No hemos sabido responder a las nuevas necesidades, es decir, las nuevas posibilidades que van creando necesidades en el ciudadano y en relación con el medio ambiente. Todo esto ha llegado al punto en que ese peso que tenía el arquitecto en la sociedad se ha transformado en un sentimiento de engaño e innecesidad que nos va a poner muy difícil recuperar la creencia en la importancia del diseño.

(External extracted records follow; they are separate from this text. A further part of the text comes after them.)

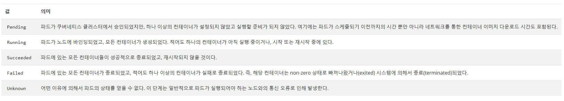 파드는 컨테이너를 실행하기 위한 최소 단위이다. 파드는 한개 혹은 여러개의 컨테이너를 담을 수 있다.
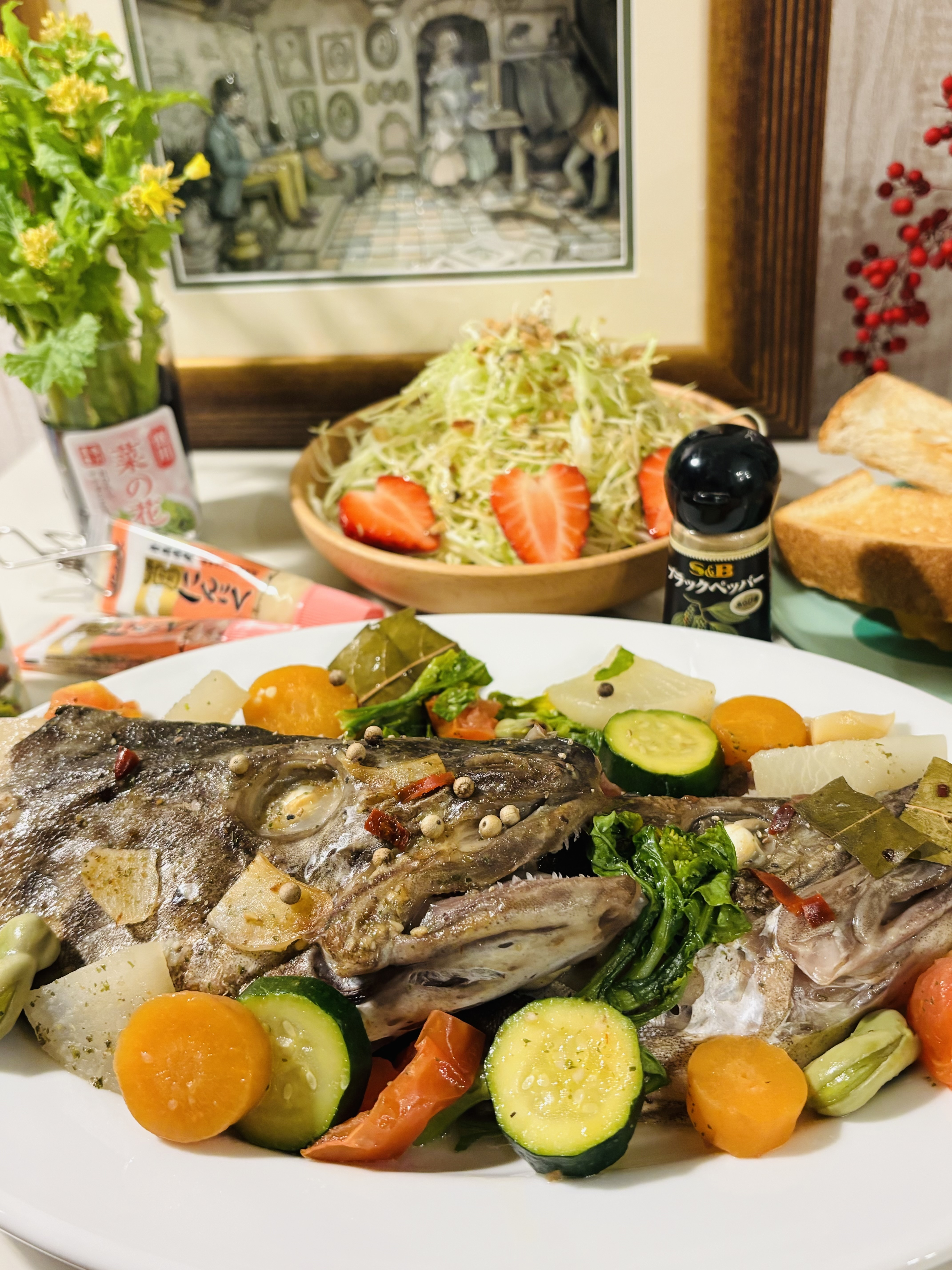 たらの頭が手に入ったので、今日はS&Bさんのスパイス&調味料を贅沢に使ってアクアパッツァに。
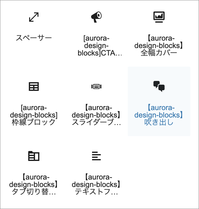 ブロック追加ボタンから「[aurora-design-blocks] 吹き出し」を選びます。
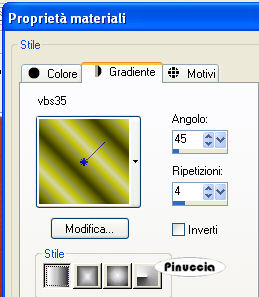 Passa il colore di primo piano a Gradiente e seleziona il gradiente vbs35 con i seguenti settaggi.

Sin embargo, el arquitecto no ha dejado de ser una pieza del juego que crecía paralelamente a la burbuja, dejándole un lugar cada vez más pequeño y manejable. La distracción por el consumo y el avance de las tecnologías ha permitido que todo esto se desmadrara y se pusieran los dientes largos en sectores que llevan años actuando de manera abusiva, habiendo alcanzado una posición de poder, y que serán un lastre para la necesaria reforma.

Tenemos ahora la opción de hacer del problema una oportunidad y aprovechar este paréntesis para reenfocar el proceso de proyecto, recuperando la intencionalidad y el compromiso de la arquitectura con el servicio que ha de prestar. Recuperar la actitud fundamentalmente técnica que siempre tuvo en España, combinando tecnología y estrategias activas y pasivas con diseño para alcanzar estándares acordes con el siglo en el que vivimos.

Por otra parte, está el debate de en qué medida estamos los profesionales desfasados con nuestro papel: si ya tenemos construido el 80% del parque inmobiliario que necesitamos para las próximas cinco décadas, ¿estamos preparados para afrontar el tipo y nivel de rehabilitación que tenemos por delante? Si la sostenibilidad parece estar tan ligada a paradigmas y costumbres ancestrales como a nuevas tecnologías y sistemas, ¿cuánta formación nos falta?. Sí parece estar confirmado que la rehabilitación energética precisa de una nueva forma de abordar el problema de siempre, por lo que tanto técnicos como operarios tendremos que completar nuestra formación de manera contundente y rápida.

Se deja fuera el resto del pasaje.